With the above operation, recording for every other image point in one line is completed. Then record the other half of one line. At the timing of (C), at the same time as recording the first half of one line, data transfer for recording the remaining half is also performed. The latch 31 in which the data DAT11 and the clock signal CLK10 form a shift register
~ 35. The data DAT11 is a signal for selecting an electrode for aggregating the colorant component as described above. The electrode for aggregating the colorant component at the next timing (D) is the other half electrode of the electrode that first agglomerates, so as shown in the figure, 0 and 1 are arranged alternately with 0101 ... It becomes a number sequence.

Timing (D): Next, the synchronization signal SYNC
The latch signal LATCH10 is synchronized with the timing of 0.
Is supplied. By this latch signal LATCH10,
The transferred data is output to the output side of the latches 41 to 45. When the latch signal LATCH10 rises, the enable signal EN11 is output again. When the enable signal EN11 is output, the data D
The transistor 91 connected to the gates 51 to 55 transferred by the AT11 is turned on and 0V is applied to the individual electrodes.
That is, the first voltage V0 is supplied. Data DAT1
The transistor 91 connected to the gates 51 to 55 to which 0 is transferred by 1 is turned off. At this time, since the enable signal EN21 is always 0, all the transistors 92 are turned on. Therefore, the output from the individual electrode to which 0 is transferred by the data DAT11 becomes the second voltage V1.
That is, at the timing of (D), the ink is aggregated around the electrode of interest to which the ink droplet is next ejected, that is, the periphery of the remaining electrode other than the aggregate of the colorant component first.
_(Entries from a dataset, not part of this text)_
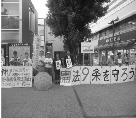
行徳駅で火曜日の夕方宣伝に取り組んでいます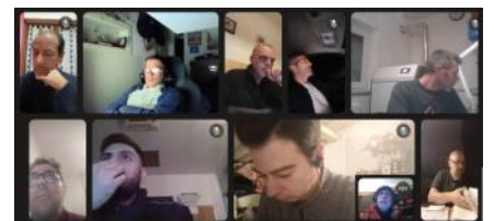
Onlinebibelstunde für Männer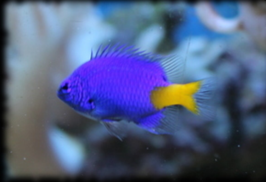
Nom scientifique: Chrysiptera Parasema Nom commun: Demoiselle à queue dorée

Dimension (L×ℓ×h): 1,5×0,8×0,7m 3 Volume réel: 700 L PH: 8 ; Température: 25°C Eclairage: 8×T5 pendant 10 hr / jr Filtration: 1 décantation externe Nourriture: moules, crevettes, artémias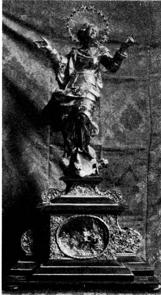
Fig. 2. Das Bruderschaftsbild vor der Renovation.

Am 26. April 1693 wird gemeldet, daß in das neue Kästchen verschlossen worden seien: 30 neue Kronen und 17 Batzen an Geld, die an das silberne Marienbild verehrt wurden; außerdem ein silberner Gürtel und ein goldener Ring mit einem Saphir. Hauptmann Urs Sury vergabte daran altes Silbergeld im Werte von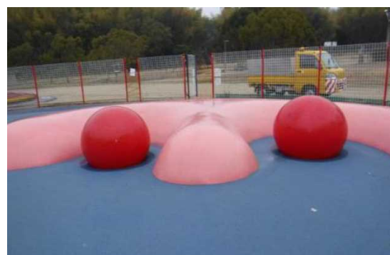
ボール（φ850）設置時の状況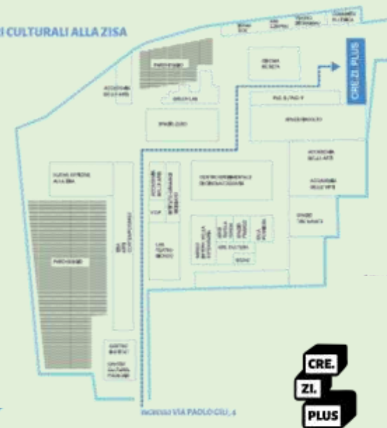
CANTIERI CULTURALI ALLA ZISA

Le attività si svolgeranno presso Cre.Zi. Plus Cantieri - Culturali alla Zisa;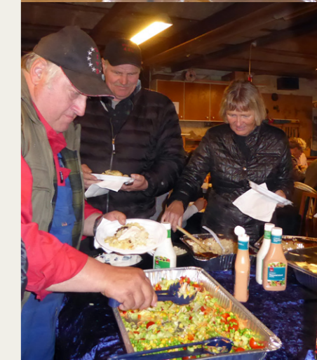
Efter løbet blev der serveret både kamsteg og oksesteg med flødestuede kartofler og grønsagsmix.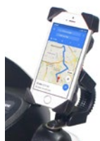
Soporte para móvil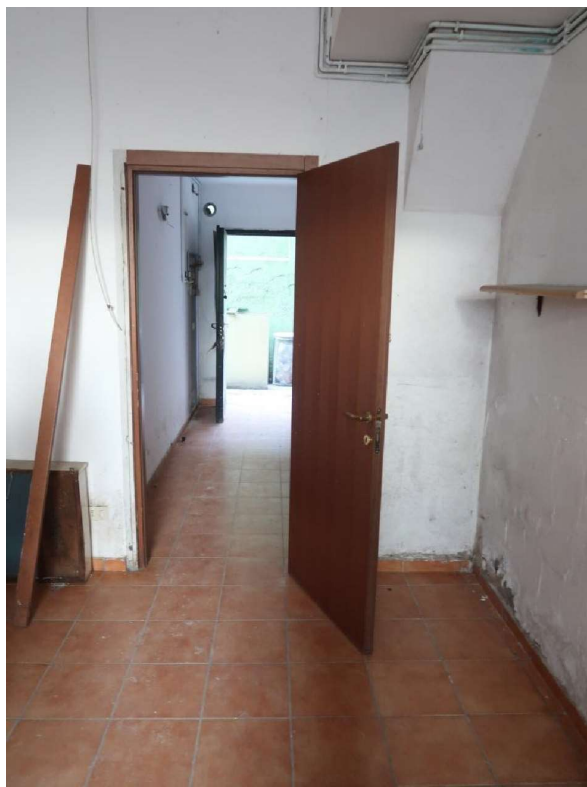
DISIMPEGNO D' INGRESSO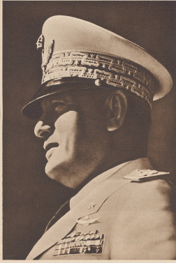
Benito Mussolini Ministerpräsident, Regierungschef, Kommandant sämtlicher Truppen mit allen Titeln und Ehren. Marschall des Imperiums. S. E. Benito Mussolini, président du conseil des ministres, ministre de la guerre, commandant en chef des troupes combattantes sur tous les fronts, premier maréchal de l'Empire.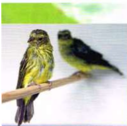
De jongen worden behandeld, geplukt door de ouders.

Natuurlijk is niet ieder contact onder de leden een succes. Maar vaak is het een zaak van "wat je zelf investeert in een contact komt vaak ook terug". We hebben willen laten zien dat het een heel gedoe is om een bepaalde soort te pakken te krijgen, maar met de juiste instelling en met de juiste contacten is er veel mogelijk. Het verhaal over deze vogels zou niet mogelijk zijn geweest zonder een goed contact met andere liefhebbers. Dat contact begint vaak bij een eerste kennismaking via Serinus-Society en kan alleen worden uitgebreid en onderhouden door zelf te investeren in de contacten met de andere liefhebbers. Dit maakt het dus gewoon mogelijk om soms tot dit soort successen te komen. Er wordt wel eens gezegd dat de "Vogelsport" een ingeslapen liefhebberij is die langzaam zal ophouden te bestaan. Wij van Serinus-Society denken dat "Vogeliefhebberij" een bloeiende hobby is, met veel kansen, uitdagingen en mogelijkheden! Maar dan moeten die kansen, uitdagingen en mogelijkheden wel worden gezien, benut en gekoesterd. <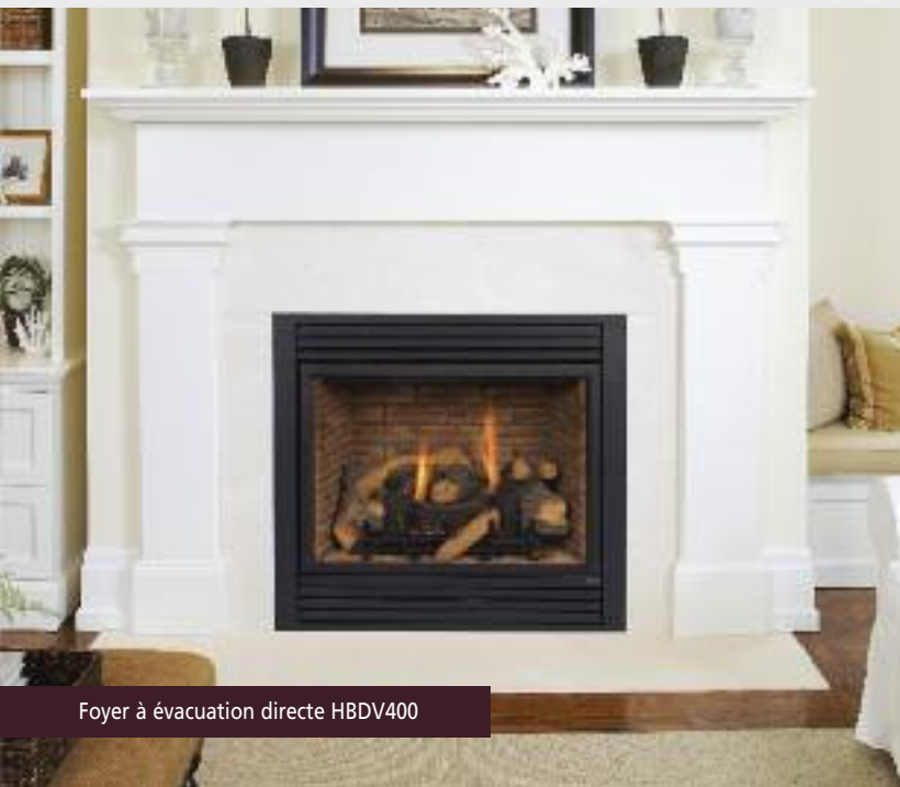
Foyer à évacuation directe HBDV400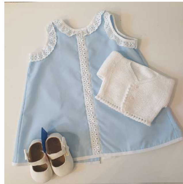
VESTIDO HECHO A MANO 35,00€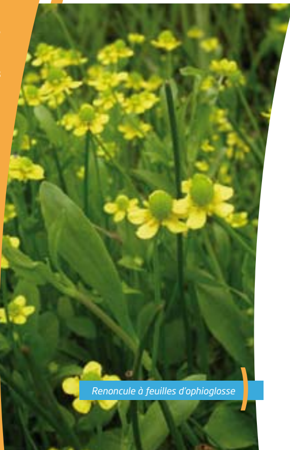
Renoncule à feuilles d'ophioglosse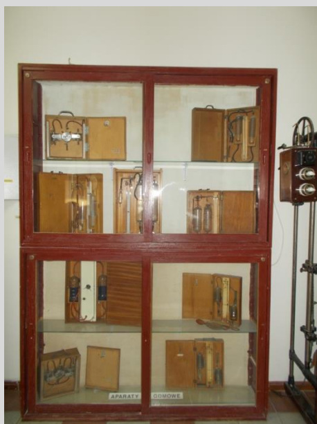
Ekspozycja aparatów oddechowych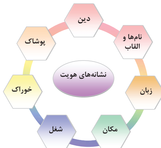
شکل ۱ نشانه‌های هویت در بیوتن

یا چندین مجموعه خاص و تفوق استثنایی آن‌ها در برهه‌ای معین است. پیوستگی امور اجتماعی نیز از نکاتی است که تعیین حدود مرزها را دشوار می‌کند (شعبانی، ۱۳۷۷: ۱۰۶). برای مثال، چگونگی خوردن صبحانه گاه نمودی از آداب معاشرت است و گاهی طبقه اجتماعی افراد، شرایط اقتصادی موجود آن‌ها و حتی هویت دینی‌شان را نشان می‌دهد (خوراک حلال و حرام مثال‌هایی از این موارد است). در بیوتن به هر سه جنبه از خوراک برمی‌خوریم. در مورد بسیاری از نشانه‌ها وضع همین‌گونه است. هویت نیز در بیوتن نمونه‌های مختلفی دارد؛ دین، لباس، نام‌ها و القاب، شغل‌ها، مکان‌ها و... (شکل ۱) نمونه‌هایی از این موارد است که در ادامه بررسی می‌شوند.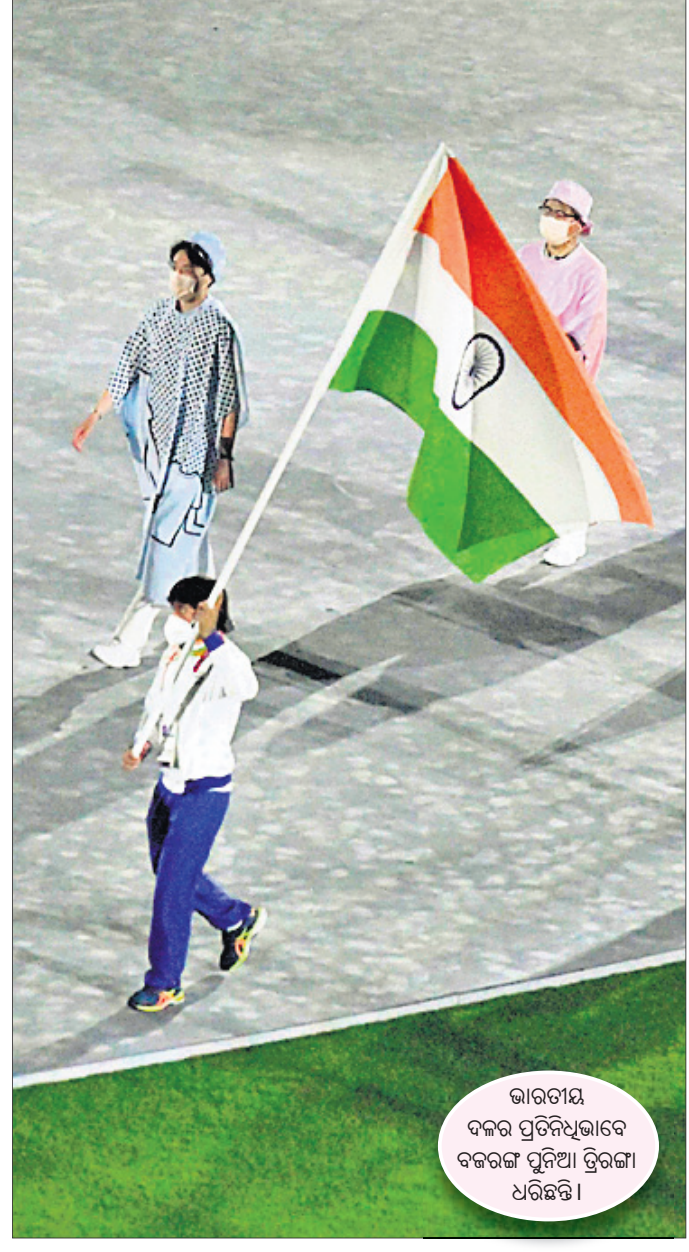
ଭାରତୀୟ ଦଳର ପ୍ରତିନିଧିତ୍ୱରେ ବଜ୍ରରଙ୍ଗ ପୁନି ରାଜା ଧରିଛନ୍ତି।

Further, at the timing of (D), the latch 61
The transfer of the data DAT21 to ~ 65 is also performed at the same time. At this time, in the data DAT21, 1 is transferred to the electrode that causes the ink droplet to fly, and 0 is transferred to the electrode that does not fly according to the image signal. However, the image data is sent only to every other electrode where the colorant component is currently being aggregated, that is, only to the electrodes other than the electrode where the colorant component was first aggregated and the ink droplets were ejected, and other than that. Data of 0 is transferred to the electrode of.

Timing (E): At this timing (E), the data transferred at the timing (D) is first latched by the latch signal LATCH 20 to the latches 71 to 7.
It is output from 5. Here, the enable signal EN21
Is supplied. Since the enable signal EN21 is always 0, the transistor 91 remains off, and the first voltage V0 is not applied to the individual electrode. The voltage of each individual electrode is controlled by turning on / off the transistor 92,
The third voltage V2 is output to the electrode that causes the ink droplet to fly, and the second voltage V1 is output to the electrode that does not fly. The output time of the third voltage V2 is Tw, and when this time Tw elapses, the second voltage V2 is applied to all the individual electrodes.
1 is output. Further, the DAT 21 transferred at the timing of (D) is 0 for the electrodes other than the electrode to which the first voltage is applied at the timing of (D), so that the third voltage V2 is kept during the period of Tw. Even if applied, the target electrode is at the second voltage V3.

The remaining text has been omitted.